Three Jamaican musicians who helped fashion the rocksteady sound of the 1960s, will be honoured at the May 1 Guyana International Artistic Music Awards.

Guitarist Lynford ‘Hux’ Brown, bass player Brian Atkinson and drummer Joe Isaacs, are among five Jamaicans to be honoured at the event, scheduled for the National Cultural Centre in Georgetown, the Guyana capital.

Singers Ken Boothe and Marcia Griffiths, who emerged during the 1966-68 rocksteady era, are also honourees.

Guyanese-born singer/songwriter/producer Eddy Grant is recipient of the Lifetime Achievement Award.

Calypsonian Lord Canary, reggae singer Natural Black, and Lord Nelson — a Trinidadian calypsonian — will also be honoured.

It is a rare award for Atkinson, who has lived in Ontario, Canada, for over 40 years.

“It’s hard to believe. I’m a bit perplexed, owing to the fact that it is coming from another country and not Jamaica,” he told the Jamaica Observer.

Atkinson played on some of rocksteady’s biggest hits including Boothe’s Puppet On A String and Train Is Coming; Dancing Mood by Delroy Wilson; 007 (Shantytown) by Desmond Dekker and Bob Andy’s I’ve Got To Go Back Home.

Isaacs made his name at producer Clement ‘Coxsone’ Dodd’s Studio One, starting as a 15-year-old in 1966.

Like Atkinson, he migrated to Canada in the early 1970s. He is also pleased with the overdue recognition.

“This means everything to me. All my time in Jamaica I’ve never got anything and these guys from Guyana are aware that we made this great music,” he said.

The Train Is Coming, Johnny Nash’s Hold Me Tight, Feel Like Jumping by Griffiths and Toots and The Maytals’ 54-46 are among the many classic songs Isaacs played.

Brown was a top session musician during the mid and late 1960s.
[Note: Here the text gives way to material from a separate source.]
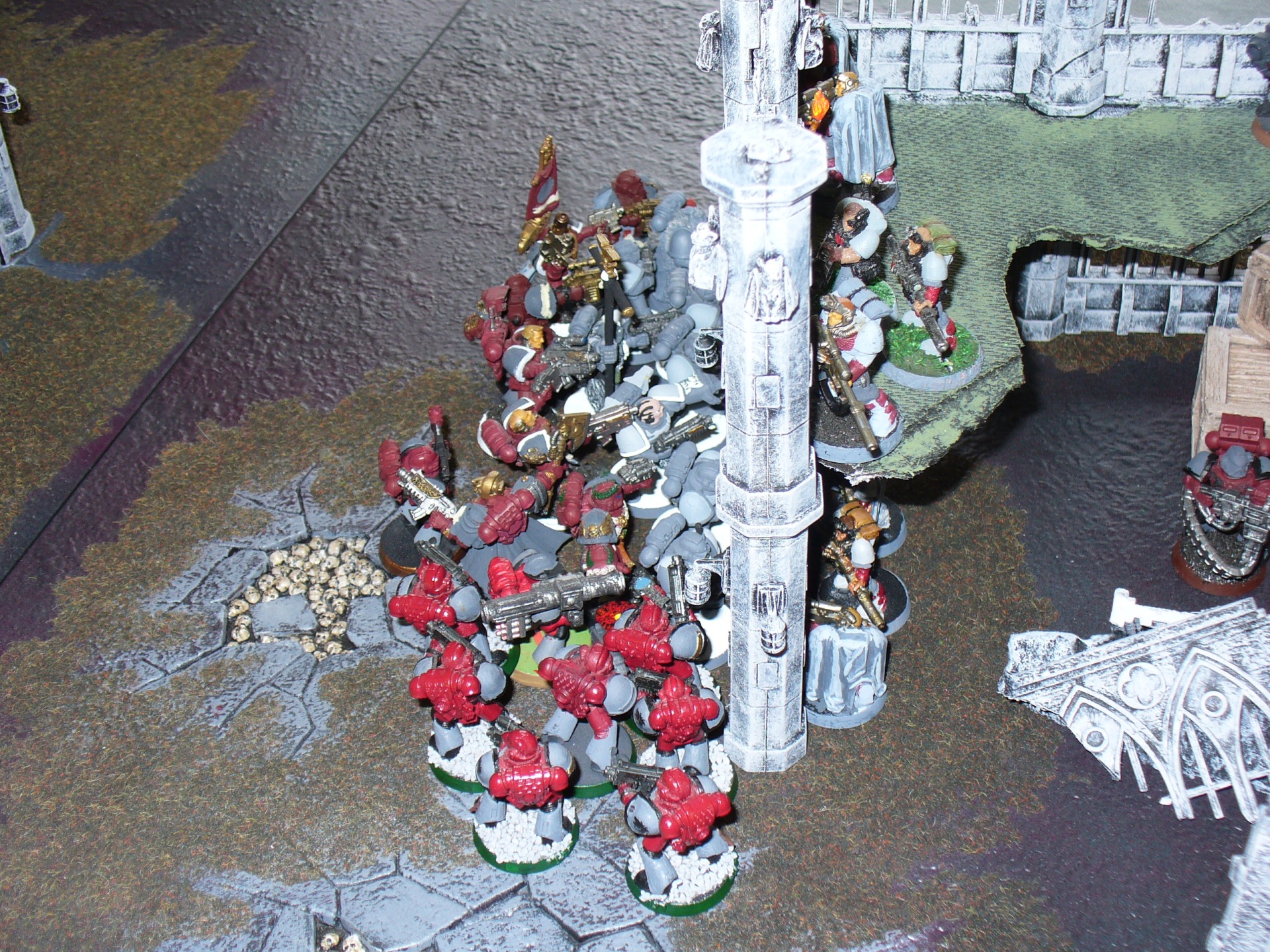 Calling down an Orbital Bombardment Chapter Master McAlister grins as a bright lancing beam of bright red energy punches straight through the top of the Land Raider, setting off its munitions in a cataclysmic fireball, a gear wheel removing the head from one of the unlucky Blood Claws as the rest of them hit the dirt. Most of the rest of the shooting is concentrated on the Long Fangs, who manage to avoid injury despite several missile launcher shots and sniper shots into the building as the armor and cover serves them well. The Missile Launcher in Squad Aamon drops a Grey Hunter on the far left but then in the center one of the Plasma Cannons overheats as the Devastator Squad unwisely targets a unit just out of range and the Crimson Lions lose their first man to a fatal equipment malfunction.

He played on a number of Toots and The Maytals hit songs including Pressure Drop, 54-46 and Funky Kingston.

The Guyana International Artistic Music Awards follows the Guyana Music Fest which is down for the National Stadium in Georgetown, on April 30. The latter features a number of top Guyanese artistes celebrating their country’s 50th year of independence from Great Britain.